- _Task to complete_:
Copy the entries that appear below in full, leaving out any picture among them.

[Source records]

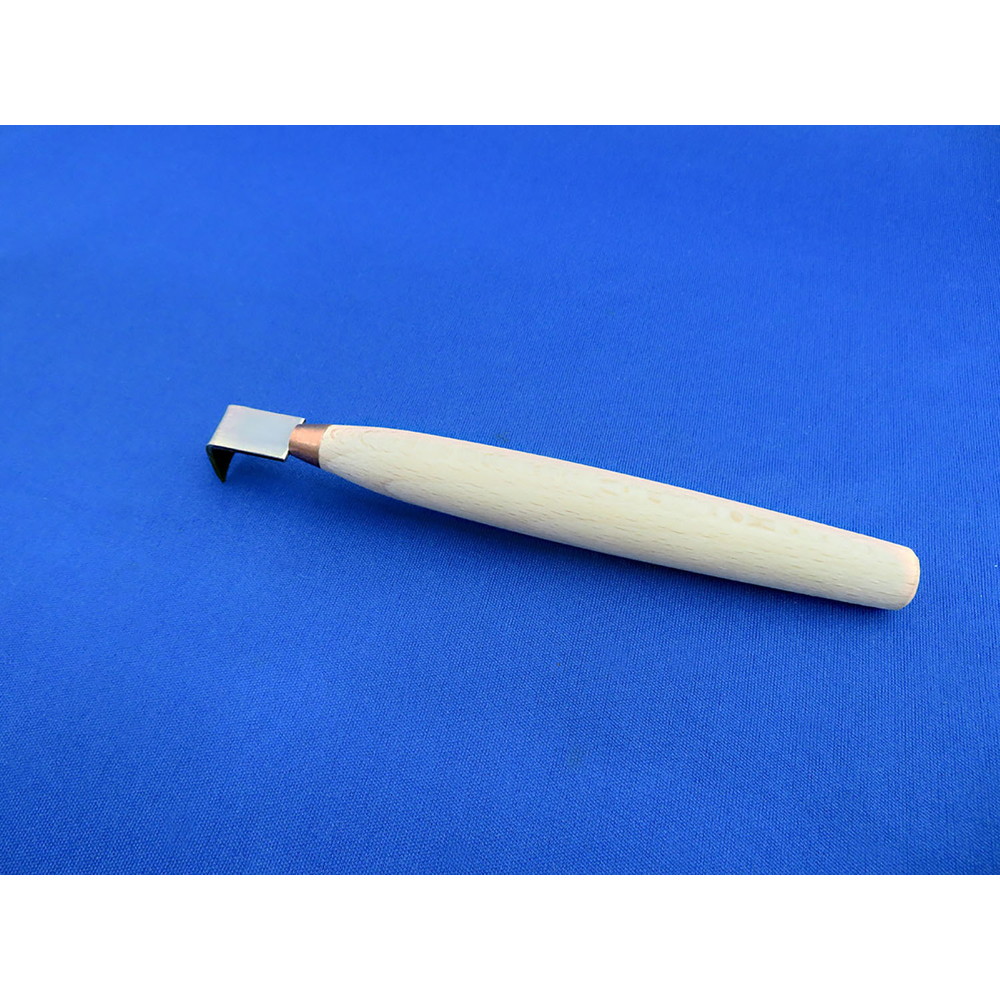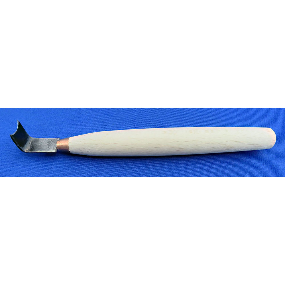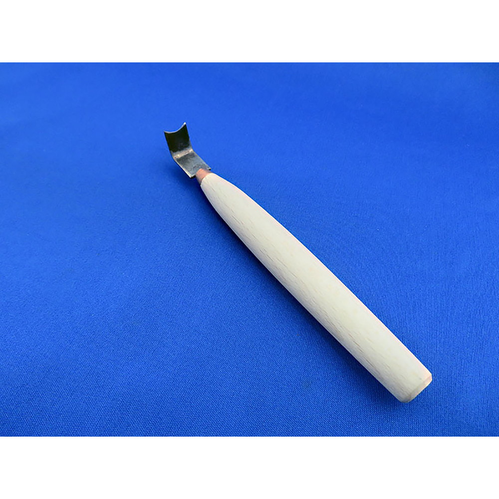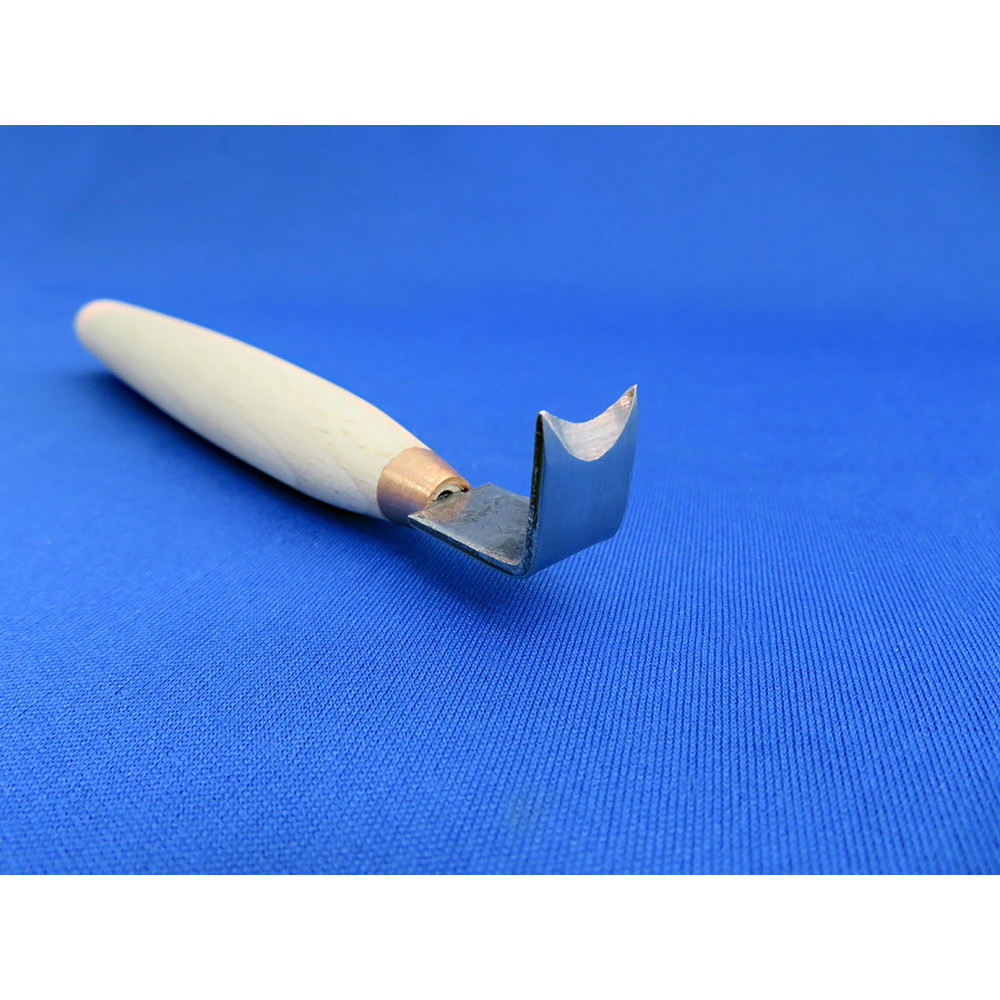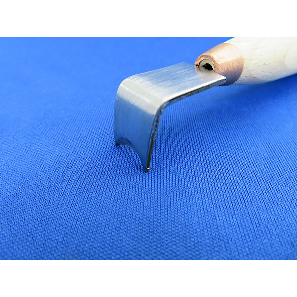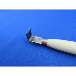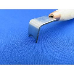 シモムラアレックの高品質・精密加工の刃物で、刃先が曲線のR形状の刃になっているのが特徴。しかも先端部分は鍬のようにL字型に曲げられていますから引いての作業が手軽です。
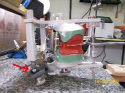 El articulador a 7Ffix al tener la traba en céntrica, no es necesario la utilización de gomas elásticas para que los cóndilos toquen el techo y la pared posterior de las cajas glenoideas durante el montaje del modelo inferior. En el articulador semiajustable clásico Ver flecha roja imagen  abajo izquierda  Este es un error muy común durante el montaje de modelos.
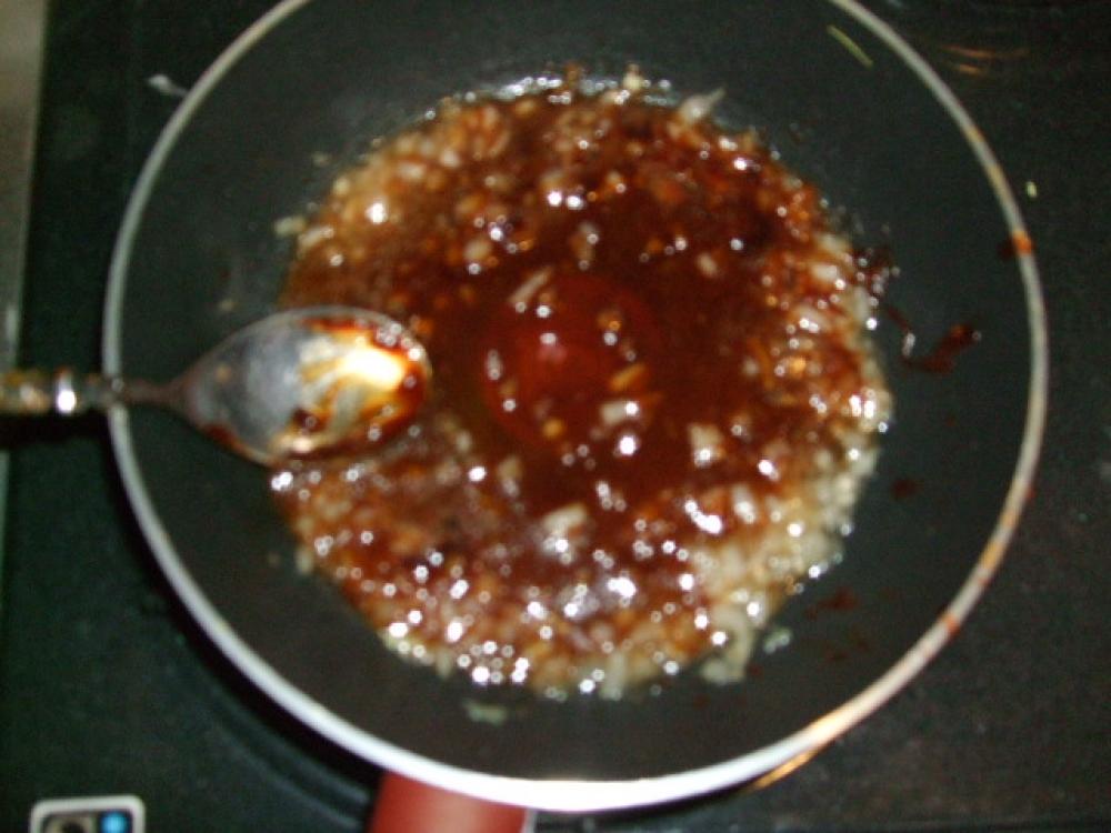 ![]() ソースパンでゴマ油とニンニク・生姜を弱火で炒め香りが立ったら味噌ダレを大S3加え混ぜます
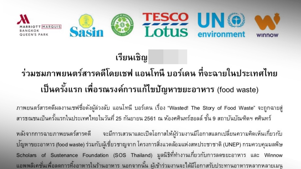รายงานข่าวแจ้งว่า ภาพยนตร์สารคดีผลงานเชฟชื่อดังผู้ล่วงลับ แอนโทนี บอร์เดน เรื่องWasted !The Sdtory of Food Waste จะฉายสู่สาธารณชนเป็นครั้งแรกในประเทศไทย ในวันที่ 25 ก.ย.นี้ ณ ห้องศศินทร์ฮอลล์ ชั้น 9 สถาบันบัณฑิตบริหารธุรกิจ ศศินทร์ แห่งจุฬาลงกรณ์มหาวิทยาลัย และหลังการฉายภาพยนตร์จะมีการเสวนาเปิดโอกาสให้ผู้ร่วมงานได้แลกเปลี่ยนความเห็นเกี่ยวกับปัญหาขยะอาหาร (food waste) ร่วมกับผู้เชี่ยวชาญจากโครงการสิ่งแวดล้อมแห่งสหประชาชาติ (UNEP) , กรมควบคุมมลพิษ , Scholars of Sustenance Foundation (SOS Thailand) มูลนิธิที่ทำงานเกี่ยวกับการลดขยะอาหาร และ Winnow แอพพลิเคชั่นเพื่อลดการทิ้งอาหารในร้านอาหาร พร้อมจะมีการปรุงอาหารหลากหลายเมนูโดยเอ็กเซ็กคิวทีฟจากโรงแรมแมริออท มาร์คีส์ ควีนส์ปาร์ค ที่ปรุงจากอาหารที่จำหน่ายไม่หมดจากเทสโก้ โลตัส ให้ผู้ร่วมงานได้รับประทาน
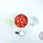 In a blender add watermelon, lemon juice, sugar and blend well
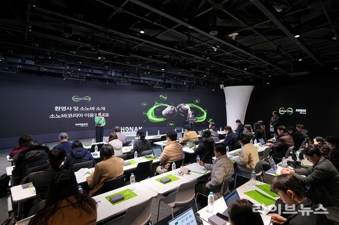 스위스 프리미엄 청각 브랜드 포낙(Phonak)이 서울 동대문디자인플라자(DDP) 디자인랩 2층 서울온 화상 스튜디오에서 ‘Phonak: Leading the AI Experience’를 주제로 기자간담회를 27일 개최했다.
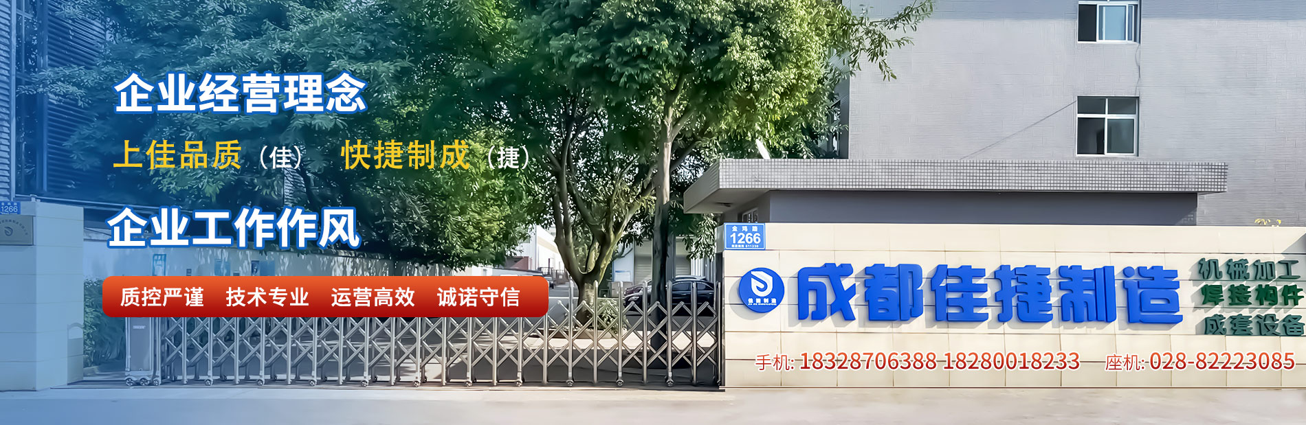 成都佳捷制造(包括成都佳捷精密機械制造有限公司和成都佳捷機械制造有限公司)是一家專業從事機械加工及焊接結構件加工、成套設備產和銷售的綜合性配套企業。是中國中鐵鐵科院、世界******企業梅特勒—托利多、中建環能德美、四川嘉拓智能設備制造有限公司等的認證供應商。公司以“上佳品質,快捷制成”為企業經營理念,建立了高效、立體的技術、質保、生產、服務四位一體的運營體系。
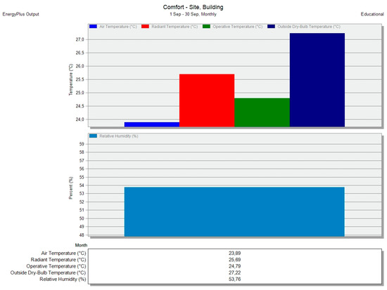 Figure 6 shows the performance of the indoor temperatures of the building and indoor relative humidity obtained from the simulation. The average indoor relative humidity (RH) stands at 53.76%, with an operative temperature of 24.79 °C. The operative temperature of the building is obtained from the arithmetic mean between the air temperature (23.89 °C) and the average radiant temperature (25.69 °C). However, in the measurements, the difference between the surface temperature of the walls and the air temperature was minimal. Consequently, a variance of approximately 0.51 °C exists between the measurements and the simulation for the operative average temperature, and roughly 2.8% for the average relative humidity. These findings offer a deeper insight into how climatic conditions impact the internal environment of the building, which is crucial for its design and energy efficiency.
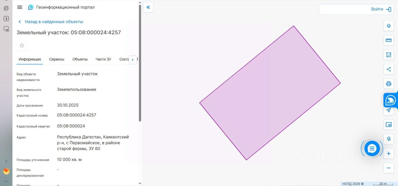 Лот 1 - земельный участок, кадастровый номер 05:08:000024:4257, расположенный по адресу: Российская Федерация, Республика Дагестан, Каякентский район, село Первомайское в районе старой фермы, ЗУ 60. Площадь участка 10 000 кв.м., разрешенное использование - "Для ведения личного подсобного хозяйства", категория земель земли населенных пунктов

- _The completed task_:
 シモムラアレックの高品質・精密加工の刃物で、刃先が曲線のR形状の刃になっているのが特徴。しかも先端部分は鍬のようにL字型に曲げられていますから引いての作業が手軽です。
 El articulador a 7Ffix al tener la traba en céntrica, no es necesario la utilización de gomas elásticas para que los cóndilos toquen el techo y la pared posterior de las cajas glenoideas durante el montaje del modelo inferior. En el articulador semiajustable clásico Ver flecha roja imagen  abajo izquierda  Este es un error muy común durante el montaje de modelos.
 ![]() ソースパンでゴマ油とニンニク・生姜を弱火で炒め香りが立ったら味噌ダレを大S3加え混ぜます
รายงานข่าวแจ้งว่า ภาพยนตร์สารคดีผลงานเชฟชื่อดังผู้ล่วงลับ แอนโทนี บอร์เดน เรื่องWasted !The Sdtory of Food Waste จะฉายสู่สาธารณชนเป็นครั้งแรกในประเทศไทย ในวันที่ 25 ก.ย.นี้ ณ ห้องศศินทร์ฮอลล์ ชั้น 9 สถาบันบัณฑิตบริหารธุรกิจ ศศินทร์ แห่งจุฬาลงกรณ์มหาวิทยาลัย และหลังการฉายภาพยนตร์จะมีการเสวนาเปิดโอกาสให้ผู้ร่วมงานได้แลกเปลี่ยนความเห็นเกี่ยวกับปัญหาขยะอาหาร (food waste) ร่วมกับผู้เชี่ยวชาญจากโครงการสิ่งแวดล้อมแห่งสหประชาชาติ (UNEP) , กรมควบคุมมลพิษ , Scholars of Sustenance Foundation (SOS Thailand) มูลนิธิที่ทำงานเกี่ยวกับการลดขยะอาหาร และ Winnow แอพพลิเคชั่นเพื่อลดการทิ้งอาหารในร้านอาหาร พร้อมจะมีการปรุงอาหารหลากหลายเมนูโดยเอ็กเซ็กคิวทีฟจากโรงแรมแมริออท มาร์คีส์ ควีนส์ปาร์ค ที่ปรุงจากอาหารที่จำหน่ายไม่หมดจากเทสโก้ โลตัส ให้ผู้ร่วมงานได้รับประทาน
 In a blender add watermelon, lemon juice, sugar and blend well
 스위스 프리미엄 청각 브랜드 포낙(Phonak)이 서울 동대문디자인플라자(DDP) 디자인랩 2층 서울온 화상 스튜디오에서 ‘Phonak: Leading the AI Experience’를 주제로 기자간담회를 27일 개최했다.
 成都佳捷制造(包括成都佳捷精密機械制造有限公司和成都佳捷機械制造有限公司)是一家專業從事機械加工及焊接結構件加工、成套設備產和銷售的綜合性配套企業。是中國中鐵鐵科院、世界******企業梅特勒—托利多、中建環能德美、四川嘉拓智能設備制造有限公司等的認證供應商。公司以“上佳品質,快捷制成”為企業經營理念,建立了高效、立體的技術、質保、生產、服務四位一體的運營體系。
 Figure 6 shows the performance of the indoor temperatures of the building and indoor relative humidity obtained from the simulation. The average indoor relative humidity (RH) stands at 53.76%, with an operative temperature of 24.79 °C. The operative temperature of the building is obtained from the arithmetic mean between the air temperature (23.89 °C) and the average radiant temperature (25.69 °C). However, in the measurements, the difference between the surface temperature of the walls and the air temperature was minimal. Consequently, a variance of approximately 0.51 °C exists between the measurements and the simulation for the operative average temperature, and roughly 2.8% for the average relative humidity. These findings offer a deeper insight into how climatic conditions impact the internal environment of the building, which is crucial for its design and energy efficiency.
 Лот 1 - земельный участок, кадастровый номер 05:08:000024:4257, расположенный по адресу: Российская Федерация, Республика Дагестан, Каякентский район, село Первомайское в районе старой фермы, ЗУ 60. Площадь участка 10 000 кв.м., разрешенное использование - "Для ведения личного подсобного хозяйства", категория земель земли населенных пунктов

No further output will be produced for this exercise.